This project trained several models using different training datasets with Logistic Regression and Bernouilli Naive Bayes models to fulfill the sentiment analysis task.
Five training datasets were used to train the classification model, including sentiment 140, Apple Twitter Sentiment, Twitter US Airline Sentime, Depression Sentiment, and Russia invade tweets. These models generated were then tested on the [Putin tweets] dataset to demonstrate their accuracy in predicting tweet content related to Russian president Putin. ([Putin tweets] is provided in this file)

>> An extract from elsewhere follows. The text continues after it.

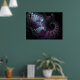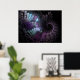 This fractal abstract art design features a pattern of purple, blue, violet, and pink spiralling around and glowing almost with a neon effect.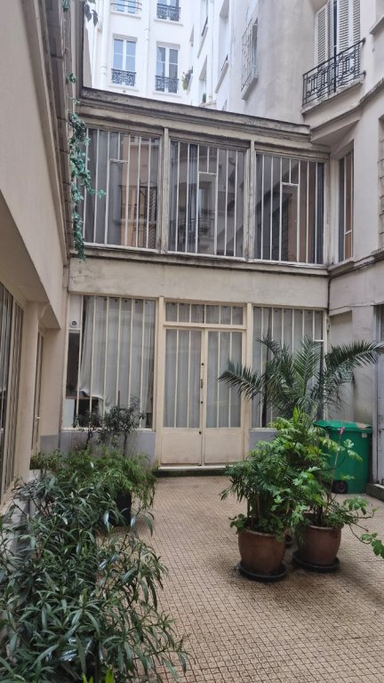 Appartement de 3 pièces meublé situé au 1er étage avec ascenseur d'un bel immeuble ancien proche du métro Temple, entre cour arborée et rue peu passante : entrée, grand séjour avec cuisine américaine aménagée et équipée, première grande chambre, salle de bain avec wc et lave-linge, deuxième grande chambre avec coin bureau et salle de bain. Chauffage et eau chaude électriques, parquet, grandes baies vitrées et verrière. Digicode, interphone.

Introduction: There are five .py files: preprocess.py, building_model.py, evaluatemodel.py, predicting.py, and analyzing.py. The preprocess.py and evaluate.py are two helper files for builing_model.py and predicting.py. Finally, the analyzing.py is for analyzing our dataset. building_model.py:
Firstly, you should import the dataset. Then, you should choose different commands and modify the parameters following the comments based on the dataset you upload. After that, the code will preprocess the data, split it into train and test datasets, and transform X_train into tf-idf features. Afterward, the code will create and evaluate a Bernoulli Naive Bayes model and a Logistic Regression model. Finally, you can save the vectorizer and models into pickle files.
How to use the [predicting_model.py]: First, download the vectorizer and models from pickle files. Second, download the text and labels of the test dataset. Third, use the models to make predictions. Fourth, calculate the specificity scores and metrics.

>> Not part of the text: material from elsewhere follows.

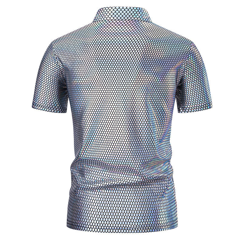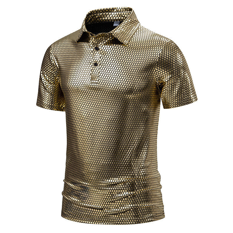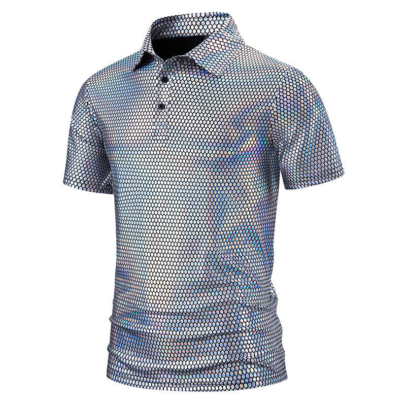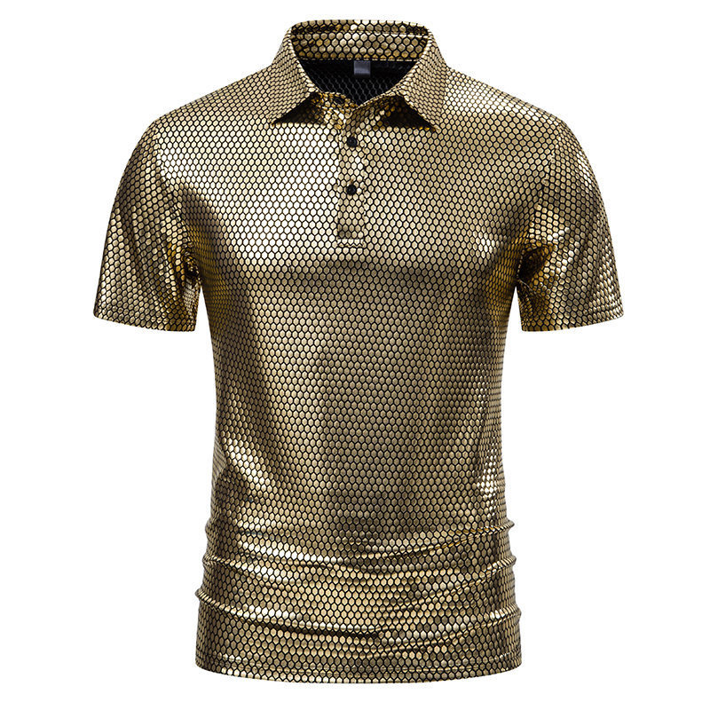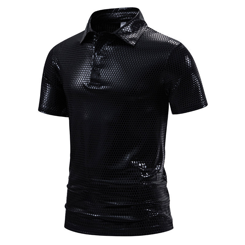 夏の新型アマゾンクロスボーダー半袖ポロシャツ男性亮面半袖折り襟tシャツポロシャツ男性

How to use the [analyzing.py]: The file has two functions. Firstly, it can create the wordnet plot and list out the top negative and non-negative words in a few datasets. Secondly, it can label the dataset using VADER models.
- Models: in this task, overall Logistic Regression performed better than Naive Bayes. In the future, more types of Naive Bayes, such as Multinomial, could be explored.
- Data size: in this task, larger training dataset performed slightly better than smaller dataset.To better understand the relationship between corpus size and performance, we could try out more training datasets from the same topic but different corpus sizes.
- Topic: In the future, more datasets of different topics could be explored, especially the tweet content regarding other controversial political figures.
- Label: The standard of negative and non-negative content may vary from person to person. A better way to label the testing dataset could be to involve more people labeling the data.